**The data:**
+++
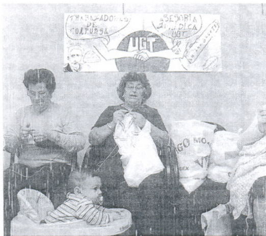
Los familiares de los ex trabajadores también participan en el encierro.
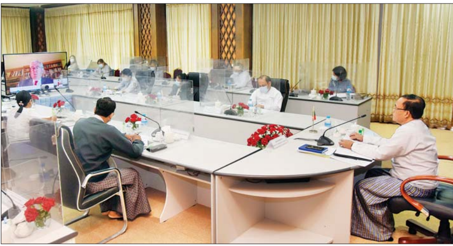
ရေးအဖွဲ့တို့အကြား စေ့စပ်ညှိနှိုင်းနေမှု အပေါ် တိုးတက်မှုများကို ဆွေးနွေးခဲ့ ကြပြီး ကိုဗစ်-၁၉ ရောဂါ ကာကွယ်၊ ထိန်းချုပ်၊ ကုသရေးဆိုင်ရာ ဆောင် ရွက်မှုများနှင့် စပ်လျဉ်း၍ အတွေ့ သိရသည်။ များကိုလည်း ဆွေးနွေးခဲ့ကြကြောင်း သတင်းစဉ်

အမျိုးသမီး၊ ကလေးသူငယ်နှင့် မသန်စွမ်းသူများ၏ အခွင့်အရေး၊ စီးပွားရေးနှင့် လူမှုရေးအခွင့်အရေး များ၊ လွတ်လပ်စွာ ထုတ်ဖော်ပြောကြား ခွင့်၊ အမုန်းတရား လှုံ့ဆော်မှုများ ကာကွယ်တားဆီးရေးတို့ အပါအဝင် အခြေခံအခွင့်အရေးနှင့် လွတ်လပ်ခွင့် ရရှိရေး၊ နိုင်ငံတကာမျက်နှာစာတွင် လူ့အခွင့်အရေးဆိုင်ရာ ပူးပေါင်း ဆောင်ရွက်ရေး စသည့် လူ့အခွင့် အရေးဆိုင်ရာ ကိစ္စရပ်များနှင့် ရွှေ့ပြောင်းသွားလာမှုနှင့် နိုင်ငံရေးခိုလှုံ ခွင့် အပါအဝင် လူ့အခွင့်အရေး ကာကွယ်စောင့်ရှောက်ရာတွင် အီးယူ ၏ အတွေ့အကြုံများကို အမြင်ချင်း ပလှယ် ဆွေးနွေးခဲ့ကြသည်။ ထို့ပြင် မြန်မာနှင့် ဥရောပသမဂ္ဂ ကုန်သွယ်မှု အခွင့်အရေးစစ်စစ်လေ့လာ
+++
**Task directions:**
The response is the full listing, copied exactly, with the pictures omitted.

**Output for this exercise:**
Los familiares de los ex trabajadores también participan en el encierro.
ရေးအဖွဲ့တို့အကြား စေ့စပ်ညှိနှိုင်းနေမှု အပေါ် တိုးတက်မှုများကို ဆွေးနွေးခဲ့ ကြပြီး ကိုဗစ်-၁၉ ရောဂါ ကာကွယ်၊ ထိန်းချုပ်၊ ကုသရေးဆိုင်ရာ ဆောင် ရွက်မှုများနှင့် စပ်လျဉ်း၍ အတွေ့ သိရသည်။ များကိုလည်း ဆွေးနွေးခဲ့ကြကြောင်း သတင်းစဉ်

အမျိုးသမီး၊ ကလေးသူငယ်နှင့် မသန်စွမ်းသူများ၏ အခွင့်အရေး၊ စီးပွားရေးနှင့် လူမှုရေးအခွင့်အရေး များ၊ လွတ်လပ်စွာ ထုတ်ဖော်ပြောကြား ခွင့်၊ အမုန်းတရား လှုံ့ဆော်မှုများ ကာကွယ်တားဆီးရေးတို့ အပါအဝင် အခြေခံအခွင့်အရေးနှင့် လွတ်လပ်ခွင့် ရရှိရေး၊ နိုင်ငံတကာမျက်နှာစာတွင် လူ့အခွင့်အရေးဆိုင်ရာ ပူးပေါင်း ဆောင်ရွက်ရေး စသည့် လူ့အခွင့် အရေးဆိုင်ရာ ကိစ္စရပ်များနှင့် ရွှေ့ပြောင်းသွားလာမှုနှင့် နိုင်ငံရေးခိုလှုံ ခွင့် အပါအဝင် လူ့အခွင့်အရေး ကာကွယ်စောင့်ရှောက်ရာတွင် အီးယူ ၏ အတွေ့အကြုံများကို အမြင်ချင်း ပလှယ် ဆွေးနွေးခဲ့ကြသည်။ ထို့ပြင် မြန်မာနှင့် ဥရောပသမဂ္ဂ ကုန်သွယ်မှု အခွင့်အရေးစစ်စစ်လေ့လာ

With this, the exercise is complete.